**DATA EXTRACT:**
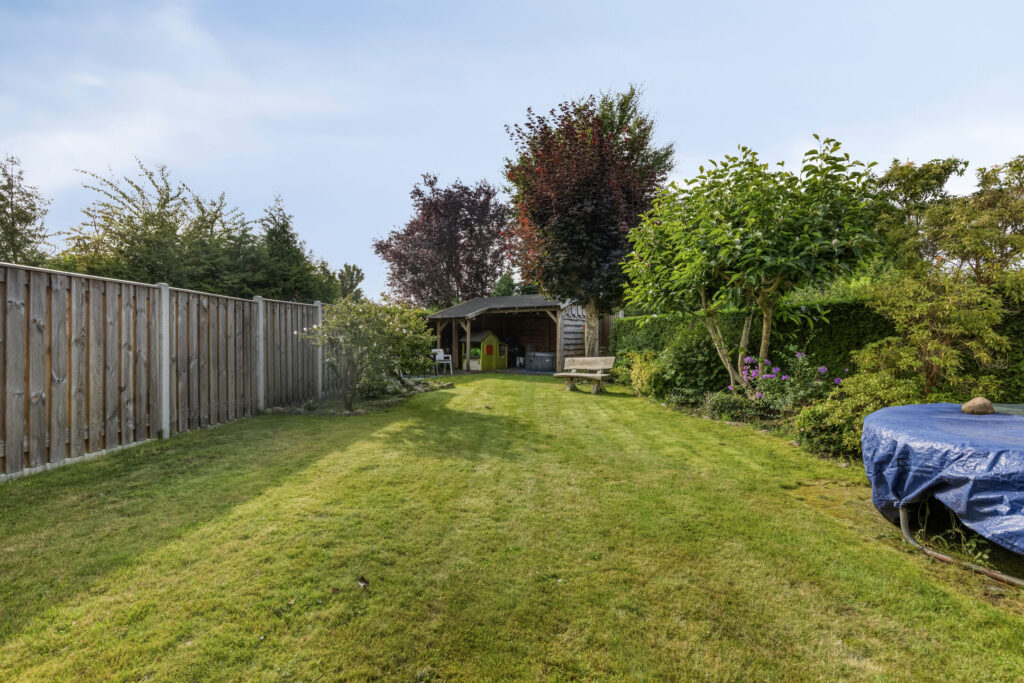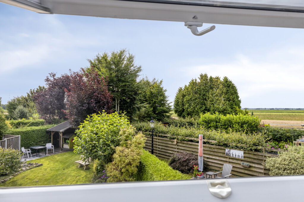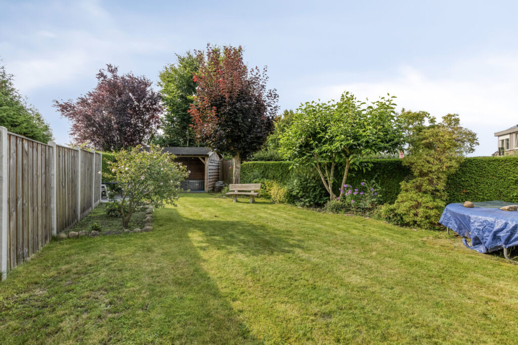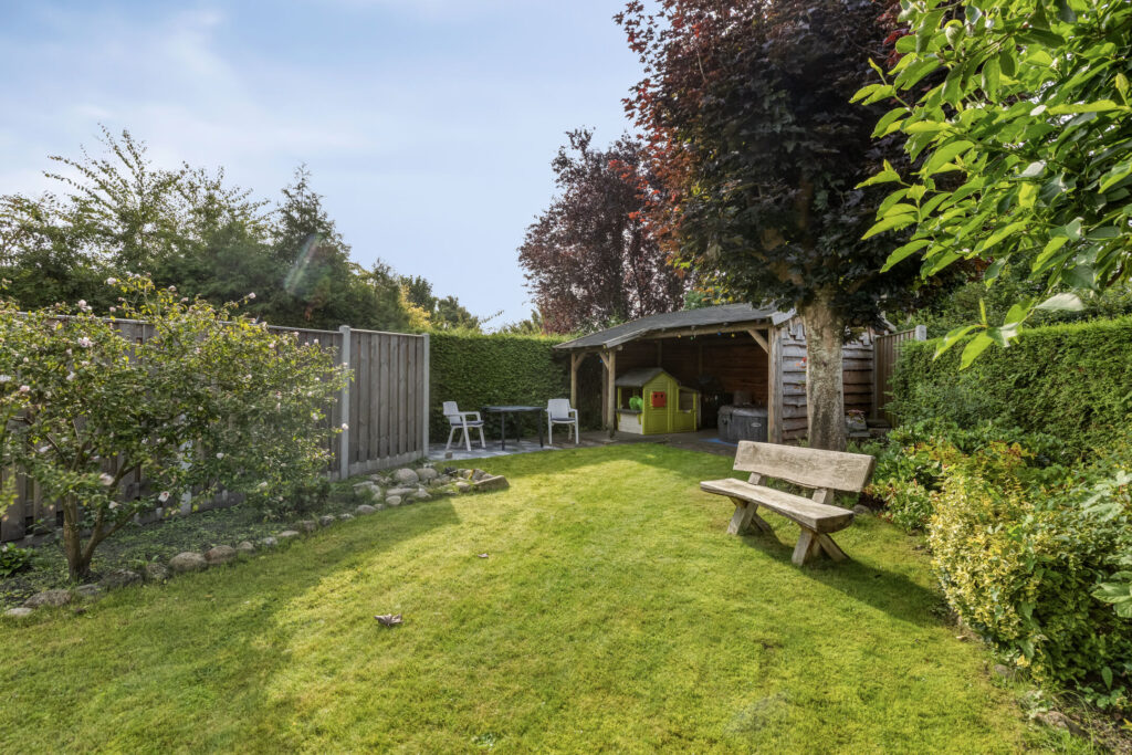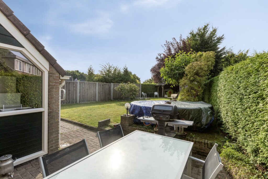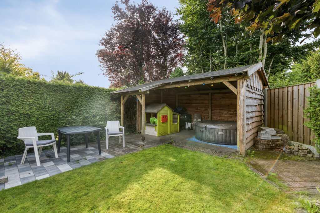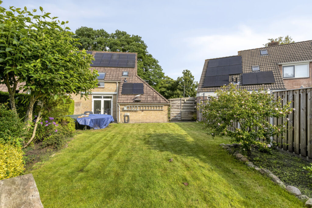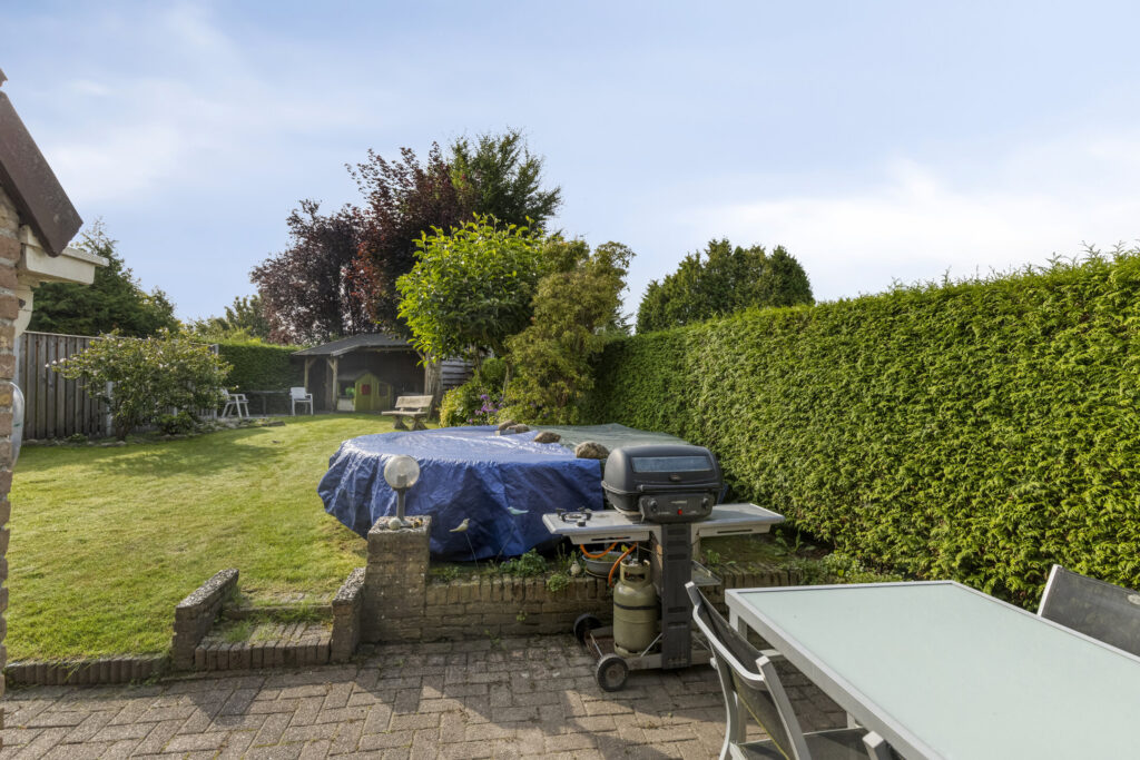 De zonnige op het zuiden gelegen tuin is bereikbaar via een achterom (berging/carport) en beschikt over een terrasoverkapping. Er is veel privacy en terrassen om in zon- en schaduw te zitten. De verzorgde tuin is daarmee de perfecte plek om te ontspannen of samen te genieten met familie en vrienden.
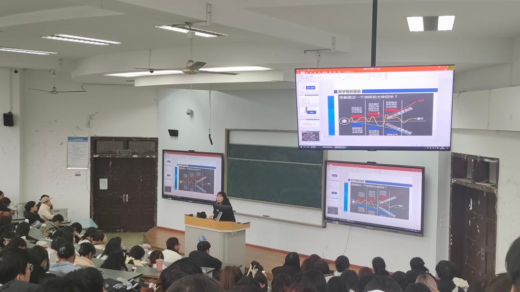 会议最后,李昕露以大学成长曲线图作为结尾来鼓励同学们在新学期继续努力奋斗,“昕昕向荣”,未来可期!
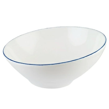 Соусник Bonna Retro | Бонна Ретро 60 мл синий край. Bonna — профессиональный твердый фарфор. В коллекции Retro контрастные цветные линии, нарисованные вручную по краю, что делает ее идеальной для повседневного ужина, в то же время она достаточно изысканная, чтобы стать ярким акцентом. Фарфор Bonna отличается своей прочностью, устойчивостью к сколам и механическим воздействиям, что делает его идеальным для профессионального использования. Все изделия можно мыть в посудомоечной машине и использовать в СВЧ-печах.

**GOAL OF THE EXERCISE:** Would you return the whole listing exactly, without the pictures?

**RESULT BELOW:**
 De zonnige op het zuiden gelegen tuin is bereikbaar via een achterom (berging/carport) en beschikt over een terrasoverkapping. Er is veel privacy en terrassen om in zon- en schaduw te zitten. De verzorgde tuin is daarmee de perfecte plek om te ontspannen of samen te genieten met familie en vrienden.
 会议最后,李昕露以大学成长曲线图作为结尾来鼓励同学们在新学期继续努力奋斗,“昕昕向荣”,未来可期!
 Соусник Bonna Retro | Бонна Ретро 60 мл синий край. Bonna — профессиональный твердый фарфор. В коллекции Retro контрастные цветные линии, нарисованные вручную по краю, что делает ее идеальной для повседневного ужина, в то же время она достаточно изысканная, чтобы стать ярким акцентом. Фарфор Bonna отличается своей прочностью, устойчивостью к сколам и механическим воздействиям, что делает его идеальным для профессионального использования. Все изделия можно мыть в посудомоечной машине и использовать в СВЧ-печах.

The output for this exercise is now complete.